POEM: AVALLENNAU MYRDDIN (MERLIN’S APPLE TREES)

Fair gift to Merlin given

Apple trees seven score and seven;

Equal all in age and size;

On a green hill-slope, that lies

Basking in the southern sun

Where bright waters murmuring run.

Just beneath the pure stream flows;

High above the forest grows;

Not again on earth is found

Such a slope of orchard ground:

Song of birds, and hum of bees,

Ever haunt the apple trees.

Lovely green their leaves in spring;

Lovely bright their blossoming:

Sweet the shelter and the shade

By their summer foliage made:

Sweet the fruit their ripe boughs hold,

Fruit delicious, tinged with gold.

Gloyad, nymph with tresses bright,

Teeth of pearl, and eyes of light,

Guards these gifts of Ceido’s son,

Gwendol, the lamented one,

Him, whose keen-edged, sword no more

Flashes ‘mid the battle’s roar.

War has raged on vale and hill:

That fair grove was peaceful still.

There have chiefs and princes sought

Solitude and tranquil thought:

There have kings, from courts and throngs,

Turned to Merlin’s wild-wood songs.

Now from echoing woods I hear

Hostile axes sounding near:

On the sunny slope reclined,

Feverish grief disturbs my mind,

Lest the wasting edge consume

My fair spot of fruit and bloom.

Lovely trees, that long alone

In the sylvan vale have grown,

Bare, your sacred plot around,

Grows the once wood-waving ground:

Fervent valour guards ye still;

Yet my soul presages ill.

Well I know, when years have flown,

Briars shall grow where ye have grown:

Them in turn shall power uproot;

Then again shall flowers and fruit

Flourish in the sunny breeze,

On my new-born apple trees.

This is my second poem drawn from The Misfortunes of Elphin written by Thomas Love Peacock in 1829 and based (very loosely) based on the last part of the Hanes Taliesin.

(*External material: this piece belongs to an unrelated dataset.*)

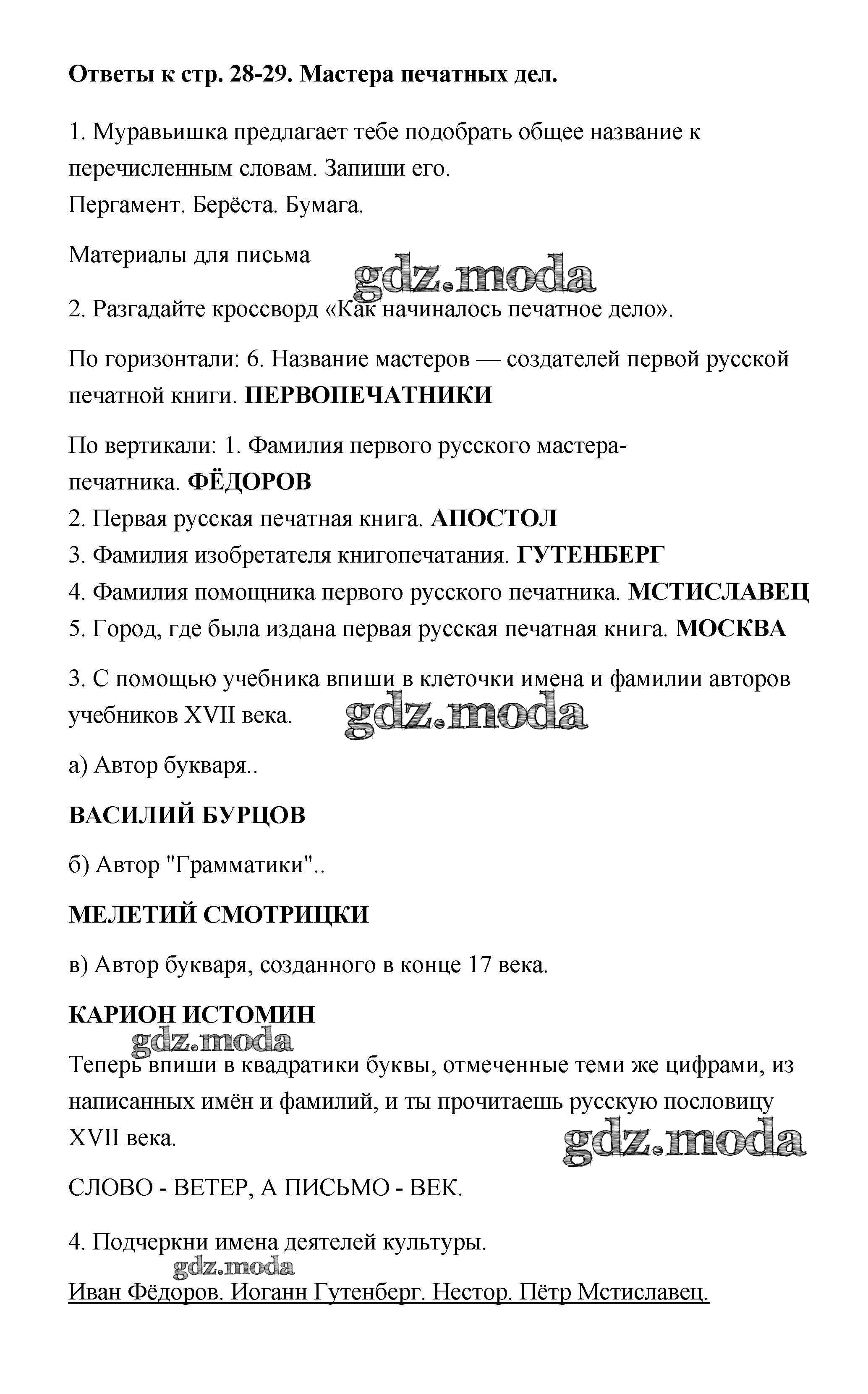 ОТВЕТ на задание № 28 Рабочая тетрадь по Окружающему миру 4 класс Плешаков Школа России

The Bard Taliesin has to free his patron Prince Elphin from imprisonment by Maelgon, the ruler of North Wales by winning a Bardic contest at the court of the High King, Arthur. Victory entitles him to ask for Arthur’s support. Elphin is indeed liberated, through Arthur’s arrangement of a prisoner exchange. The poem above is presented as the work of Merlin, also a contestant. The audience response is described thus: “this song was heard with much pleasure, especially by those of the audience who could see, in the imagery of the apple trees, a mystical type of the doctrines and fortunes of Druidism, to which Merlin was suspected of being secretly attached, even under the very nose of St. David”. In a future post I will also present Taliesin’s winning entry.

Thomas Love Peacock was a slightly older contemporary of the Romantic poet Shelley and a close friend from 1812 until the latter’s departure for Italy in 1816. Indeed they continued to correspond, in letters that have been preserved, giving us valuable information about Shelley’s life in Italy. Peacock too wrote poetry and within The Misfortunes of Elphin he offers a characteristically Romantic view of Awen as “the rapturous and abstracted state of poetical inspiration”, and also recommends the triad: “the three dignities of poetry: the union of the true and the wonderful; the union of the beautiful and the wise; the union of art and of nature”. Peacock travelled in Wales and lived in Maentwrog in Merionethshire for a time. I have used Peacock’s spellings of proper names throughout.